Efficient Industrial Refrigeration Scheduling with Peak Pricing
Rohit Konda, Jordan Prescott, Vikas Chandan, Jesse Crossno, Blake Pollard, Dan Walsh, Rick Bohonek, Jason R. Marden
TL;DR
The paper addresses efficient scheduling of industrial refrigeration under complex energy pricing by casting the problem in an inventory-control framework with state dynamics $x_t$ (temperature) and an auxiliary peak state $y$, governed by $x_{t+1}=x_t-u_t+q_t$ and $y_{t+1}=\max\{y_t,u_t\}$. It formalizes costs as a stage component $c_t(x_t,u_t)=o_t(u_t)+\mathbb{E}[h_t(x_{t+1})]$ plus a peak charge $P \max\{y,\{u_t\}\}$, and derives a Bellman recursion $V_t(x,y)=\min_{u\ge0}\{ c_t(x,u)+\mathbb{E}_{q_t}[V_{t+1}(x^+,y^+)]\}$ with $V_{T+1}(x,y)=P y$. Under TOU-only costs ($P=0$), the optimal policy is a threshold policy of the form $\pi_t^*(x,y)=x-S_t$ if $x>s_t$, and $0$ otherwise, with $s_t\ge S_t$ (and $s_t=S_t$ when $K=0$). Introducing peak pricing ($P>0$) disrupts threshold optimality; the paper provides a general structural result using a function $g_t(y)$ that partitions the state into three regimes, yielding a policy that may lie in an interval $[y, z^*_t]$ for certain $x$, and proves the value function $V_t$ is convex and nondecreasing in $y$. A simulation study with real facility data demonstrates that dynamic and modified-threshold policies can substantially outperform static designs, validating the practical value of peak-aware control design.
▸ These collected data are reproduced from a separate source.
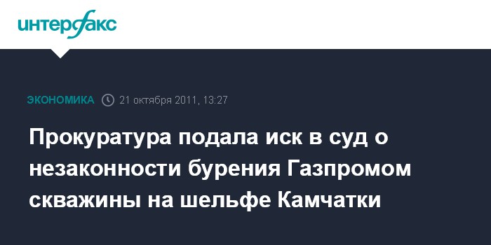 Владивосток. 21 октября. INTERFAX.RU - Камчатская межрайонная природоохранная прокуратура пытается через суд признать незаконным бурение "Газпромом" и его подрядчиками поисковой скважины на Первоочередной структуре Западно-Камчатского участка шельфа Охотского моря.
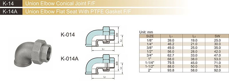 - K-014A Union Elbow Flat Seat With PTFE Gasket F/F
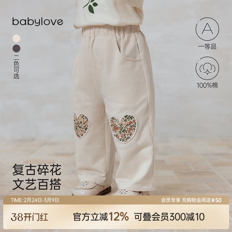 babylove女宝宝裤子春秋纯棉长裤婴幼儿可爱休闲裤儿童百搭直筒裤
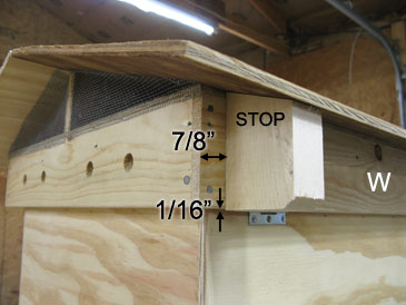 Step 13. Make two STOP blocks that prevent the lid from opening too far and damaging the hinges. Start with a 3-15/16” x 2-1/2” block 1-1/2” thick. Trim one end down to 3-3/16” (that’s 17°). Then cut off 5/16” at 45° from the other corner, for good looks. Position it under the roof 7/8” from the ends of the hinged W. Predrill and attach with two 2-1/2” screws from the inside (going through W into STOP) and with one 1-5/8” screw through Y into STOP. This stopper should fit snugly against W and Y, and will protrude 1/16” past the lower edge of W.
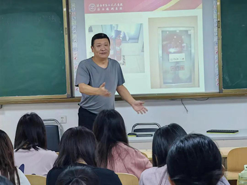 医务科、院感办、安保科、教育教学科、宣传科、眼六科等科室参加了培训授课。医务科为同学们培训了依法执业、行风建设相关法律法规以及医院18项核心制度等重要内容,还为同学们进行了心肺复苏的常规培训。院感办为同学们讲解了手卫生、职业暴露等临床院感知识。安保科为同学们系统培训了消防安全管理制度、易燃易爆危险品和场所防火防爆制度、群体性突发事件应急预案等,并组织学生在户外进行了灭火器的实地操作。宣传科针对医院舆情的预防与处理进行了介绍。眼六科护士长结合临床实际工作,为同学们带来了“提升临床服务温度,加强患者就医体验”的精彩授课。教育教学科带领同学们观看了医院百年院庆宣传片,培训了实习生请销假管理、宿舍管理规定等相关制度规定,指导同学们科学进行学习和职业规划,并针对工作纪律、学习态度、学生活动等提出要求和建议。
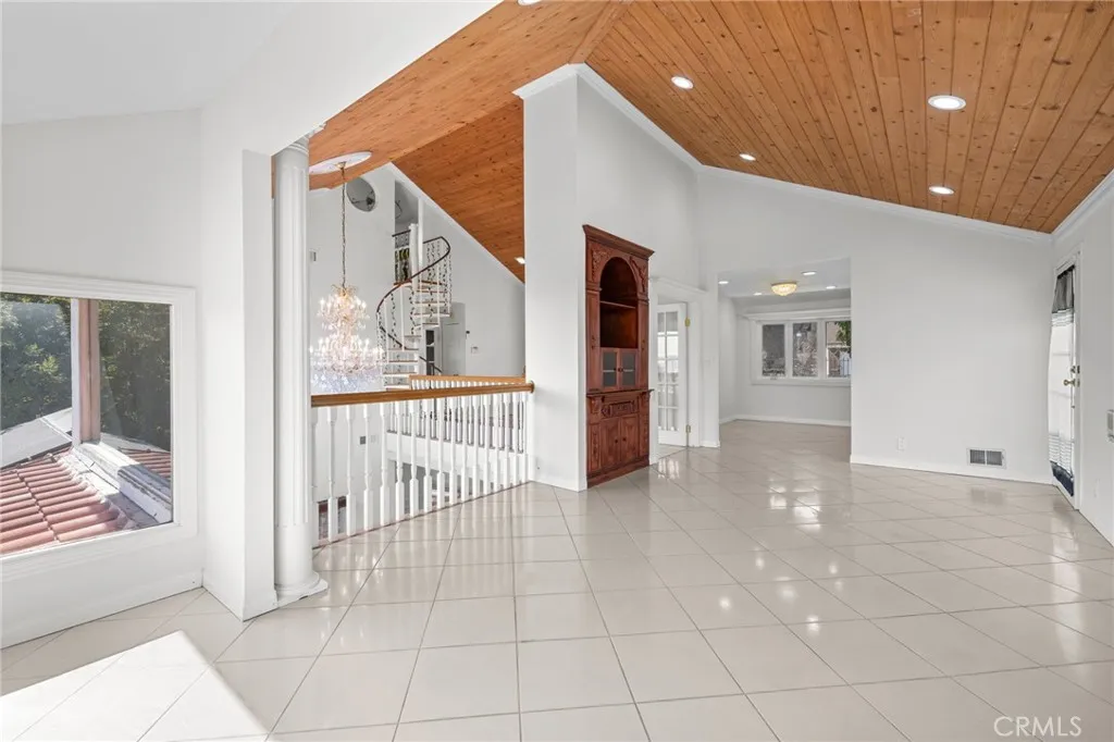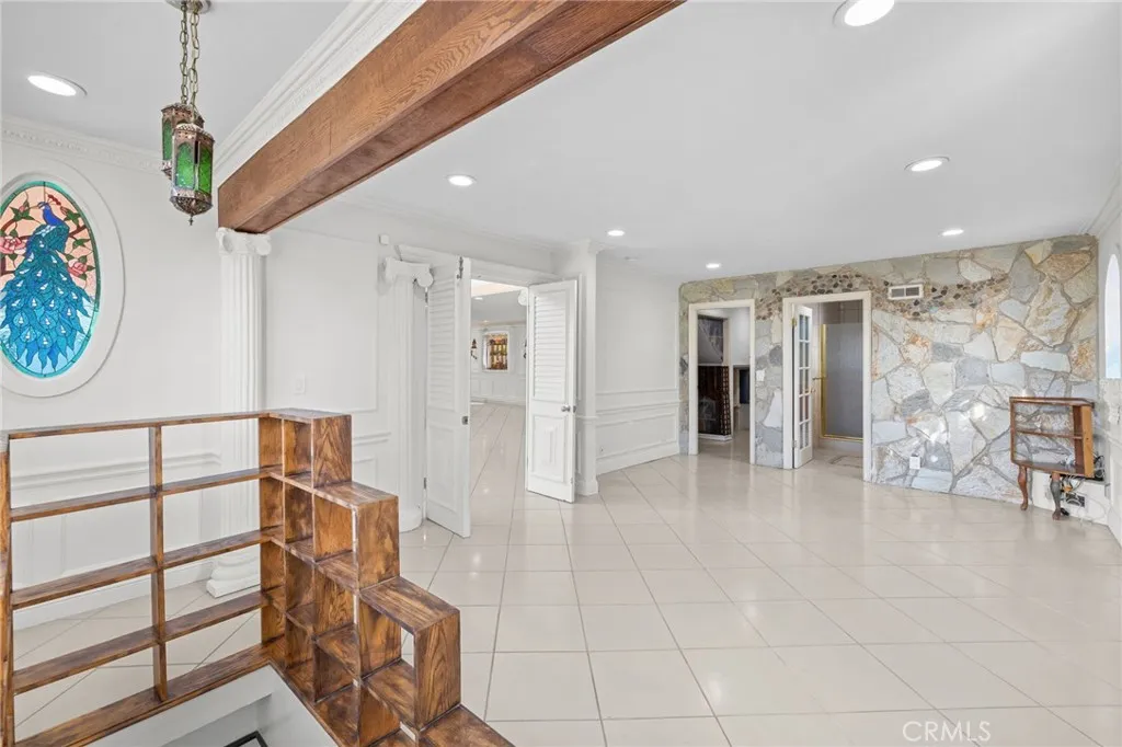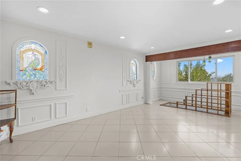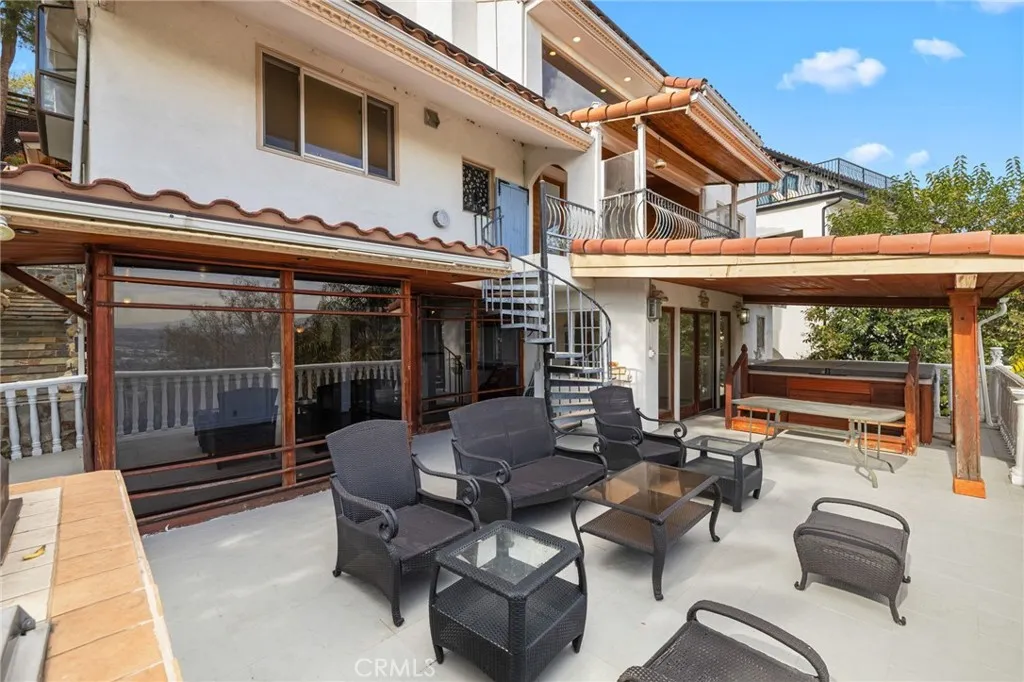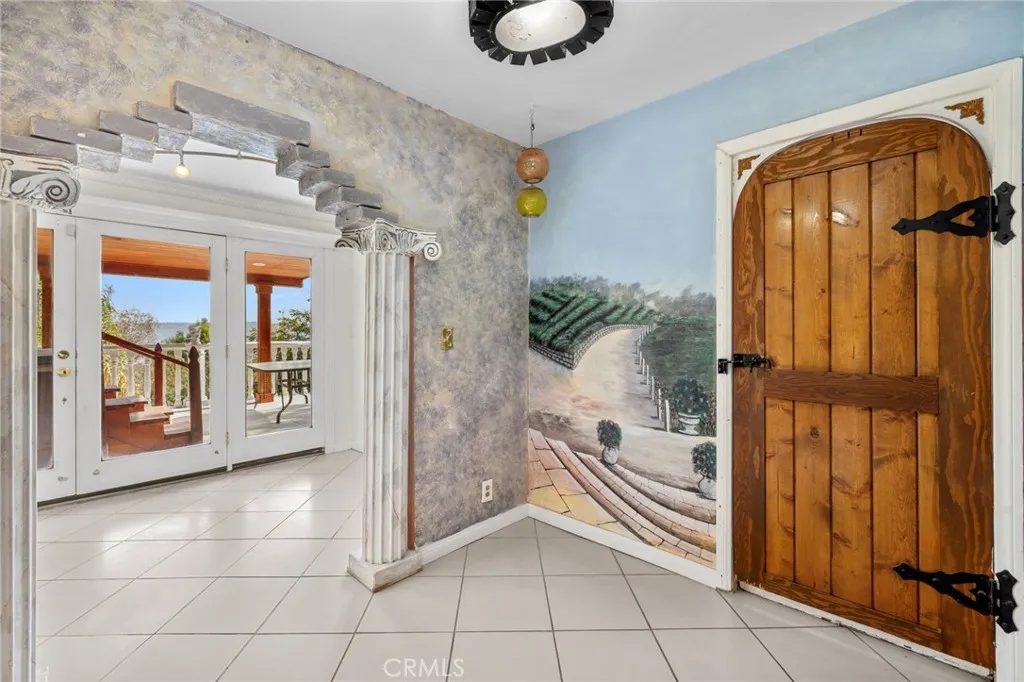Welcome to this modern Mediterranean style 4 bedroom, 4 bath home in the prestigious Los Feliz hills with amazing views of the city and hillside. The front of the home features an electric gate which leads to the attached two car garage. As you enter this home you are greeted by a dramatic chandelier and expansive windows with incredible views. Several custom stained glass windows throughout add to the ambiance. The spiral staircase in the entry leads to a room that could be a study. The main level of the home includes a bedroom with a full bathroom, a laundry and access to the garage. The floors throughout much of the home are tiled. One level below the entry level is the expansive main living area with pitched ceilings, a dining room, living room with a wood burning fireplace and the entertainment oriented kitchen. The kitchen features an very large center island, a wine rack, granite counters, stainless steel appliances and an abundance of lighting. Included on this level of the home is the primary bedroom with a generous sized walk in closet and a large bathroom with an oversized shower. This level of the home also features two additional bedrooms, a full bathroom, an additional bonus room and a large wine cellar. As you open the exterior doors of these rooms, you find yourself on a generous sized deck that features a BBQ and lounge area, complete with outdoor furniture. But the unbelievable views are the real star of this portion of the property. An added bonus is the completely paid for solar system for lowering the utility bill. Additionally there are exterior stairs

Overall, the work highlights the need for augmented-state policies when peak costs are significant and provides theoretical and empirical guidance for efficient refrigeration management. The results contribute a principled understanding of how energy pricing shapes control structure in energy-intensive industrial systems.
Abstract
The widespread use of industrial refrigeration systems across various sectors contribute significantly to global energy consumption, highlighting substantial opportunities for energy conservation through intelligent control design. As such, this work focuses on control algorithm design in industrial refrigeration that minimize operational costs and provide efficient heat extraction. By adopting tools from inventory control, we characterize the structure of these optimal control policies, exploring the impact of different energy cost-rate structures such as time-of-use (TOU) pricing and peak pricing. While classical threshold policies are optimal under TOU costs, introducing peak pricing challenges their optimality, emphasizing the need for carefully designed control strategies in the presence of significant peak costs. We provide theoretical findings and simulation studies on this phenomenon, offering insights for more efficient industrial refrigeration management.